Afinal de contas, quem são, de facto, as pessoas que decidem o essencial dos Oscars? Recentemente, o Los Angeles Times [em cima: capa da sua revista dedicada aos Oscars] estabeleceu uma estatística dos membros da Academia de Hollywood que é, no mínimo, desconcertante — este texto foi publicado no Diário de Notícias (26 Fevereiro), com o título 'Quem (não) vota nos prémios de Hollywood?'
Vale a pena recordar algumas vitórias bizarras nos Oscars dos últimos anos. Assim, por exemplo, em 1998, A Paixão de Shakespeare, pouco mais que um competente telefilme, obteve a distinção de melhor filme, deixando de fora o admirável O Resgate do Soldado Ryan, de Steven Spielberg (distinguido como melhor realizador); em 2002, Chicago, revisão banalmente retórica do género musical, foi eleito melhor do ano contra Gangs de Nova Iorque, de Martin Scorsese. Em boa verdade, tais discrepâncias não são de agora. Assim, por exemplo, quem se lembra desse musical muito académico que dá pelo nome de Oliver!, com realização de Carol Reed? Pois bem, arrebatou o Oscar de melhor filme de 1969, nada mais nada menos que o ano da obra-prima de Stanley Kubrick, 2001: Odisseia no Espaço (que nem sequer estava nomeado na categoria de melhor filme).
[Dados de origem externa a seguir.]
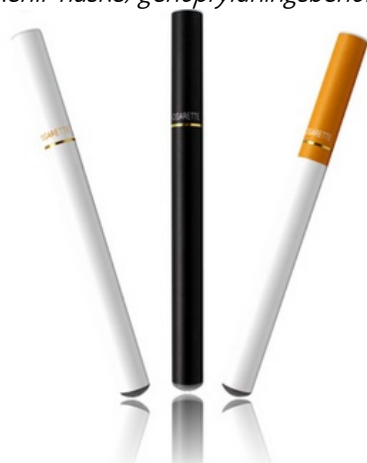
Fig. 5 - Typer af engangsanvendelige e-cigaretter - de kan evt. også være genanvendelige, ved at anvende udskiftelige patroner som det ses i fig 6 - billede 1, 2 og 3

Escusado será dizer que seria banal arrogância supor que os mais de cinco mil mebros da Academia se devem submeter à “minha” (ou à “tua”) visão. Não se trata de discutir o problema no mero plano das escolhas, mas sim de colocar uma pergunta muito directa: afinal, quem escolhe?
O Los Angeles Times avançou recentemente algumas respostas, no mínimo, desconcertantes. Assim, o jornal realizou uma investigação no sentido de traçar o perfil demográfico dos quase seis mil membros da Academia de Artes e Ciências Cinematográficas de Hollywood, anualmente responsável pela atribuição dos Oscars. Não existindo nenhuma publicação oficial que dê conta de tal perfil, foram tidas em conta as características conhecidas de 5100 daqueles membros (cerca de 89% do total). Resultados: ficamos a saber, por exemplo, que mais de metade, 54%, têm mais de 60 anos e que 77% são do sexo masculino (isto para além de os brancos corresponderem a 94% do total). Claro que não faria sentido denegrir (ou elogiar, se fosse esse o ponto de vista) as escolhas da Academia em função destes números. Mas é inevitável questionar a sua representatividade. Quando mais de metade do colégio eleitoral da Academia já passou os 60 anos, o mínimo que se pode dizer é que lhe falta representatividade. E tanto mais quanto as muitas transformações da produção de Hollywood na última década (em especial a partir de O Projecto Blair Witch, lançado em 1999) têm sido, melhor ou pior, lideradas pelos mais novos.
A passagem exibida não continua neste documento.